BSc. Andre B. Perina (Institute of Mathematics and Computer Sciences – University of São Paulo – Brazil)
Dr. Leandro S. Rosa (Event-Driven Perception – Istituto Italiano di Tecnologia – Italia)
Dr. Vanderlei Bonato (Institute of Mathematics and Computer Sciences – University of São Paulo – Brazil)

This tutorial is orientated to starters in the HLS world. It brings a broad view about HLS, connecting the software-like input to functional and temporal simulations, and the final hardware design. The goal is to understand the effects of data type, arithmetic, loops, interfaces and memory organisation inferred from software, providing to the designers a set of good practices to improve the final hardware quality while minimising the implementation efforts. Practical experiments will be conducted in Vivado and Vitis HLS and the participants are motivated to replicate the experiments remotely and to share their experiences. For the tutorial, participants are encouraged to install in advance the Vitis Core Development Kit – 2020.2 (select Vitis on the Xilinx Unified Installer to enable Vivado Design Suite to be installed together).

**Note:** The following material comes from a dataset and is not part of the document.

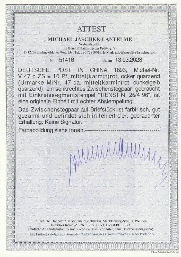 | Zusatzinformationen und Suchstichworte: | Ulrich Felzmann 178. Auktion 22. Juni 2023 Los 2896 Deutsche Auslandspost China, Vorläufer TIENTSIN 25/4 96, ideal zentrischer Luxus-Abschlag auf senkrechtem Zwischenstegpaar (!) 10 Pfg Krone/Adler mittelrot, ocker quarzend, in dieser Form eine äußerst seltene Variante, herrlich farbfrisch und gut gezähnt in fehlerfreier Ausnahme-Qualität, Fotoattest Jäschke-L. BPP Ausruf 700,00 EUR |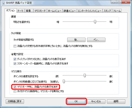 「オプション」タブをクリックし、「マウス操作」の「マウスモード時に、液晶パッドの表示を消す」をクリックしてチェックマークを付け、[OK]をクリックします。

AI Optimized Intel^® Stratix^® 10 NX FPGA

Date: Wednesday May 12

Organizer: Eriko Nurvitadhi (Intel)

Speakers:

Eriko Nurvitadhi (Intel)
Rohit B DSouza (Intel)
Andrew M Boutros (Intel)
Tim Vanderhoek (Intel)

Tutorial Description:

The Intel® Stratix® 10 NX FPGA is Intel’s first AI-optimized FPGA. It introduces a new type of AI-optimized tensor arithmetic block called the AI Tensor Block and is designed for high-bandwidth, low-latency, artificial intelligence (AI) applications. The Intel® Stratix® 10 NX FPGA delivers accelerated AI compute solutions with up to 143 INT8 TOPS at ~1 TOPS/W, in package 3D stacked HBM2 high-bandwidth DRAM, and up to 57.8G PAM4 transceivers. In this tutorial, we will first provide an overview of the Intel Stratix 10 NX FPGA followed by example designs, such as Text-To-Speech application and PE array design. We also offer an application evaluation and comparison against GPUs. Using an approach such as the soft AI processor overlay we developed in our recently published research [FPT’20], we will show how the Intel Stratix 10 NX FPGA can be programmed purely in software to deliver excellent performance in real-time AI workloads. The agenda of this tutorial is as follows:

Part 1: Introduction
Part 2: Stratix 10 NX FPGA
- Overview & Platforms
- Text-to-Speech Application Study
Part 3: PE Array Example Design for Stratix 10 NX
Part 4: AI Soft Processor on Stratix 10 NX
- Intro and Motivation
- Optimized AI Soft Processor for Stratix 10 NX
Part 5: Demo/Lab

Productive Construction of High-Performance Systolic Arrays on FPGAs

Date: Wednesday May 12

Organizer: Zhiru Zhang (Cornell)

Speakers:

Jason Cong, UCLA, <cong@cs.ucla.edu>
Hongbo Rong, Intel Labs, <hongbo.rong@intel.com>
Zhiru Zhang, Cornell University, <zhiruz@cornell.edu>

Recent years have seen a growing number of application-specific systolic arrays (SAs) implemented on modern FPGAs for efficient compute acceleration. The characteristics of near-neighbor connections make SAs a great match for FPGAs, where it is particularly important to minimize long interconnects to meet the target clock frequency. However, it requires a tremendous amount of human effort to design and implement a high-performance SA for a given algorithm using the traditional RTL-based methodology. On the other hand, existing high-level synthesis (HLS) tools force the programmers to do “micro-coding” where many optimizations must be carried out through tedious code restructuring and/or insertion of vendor-specific pragmas.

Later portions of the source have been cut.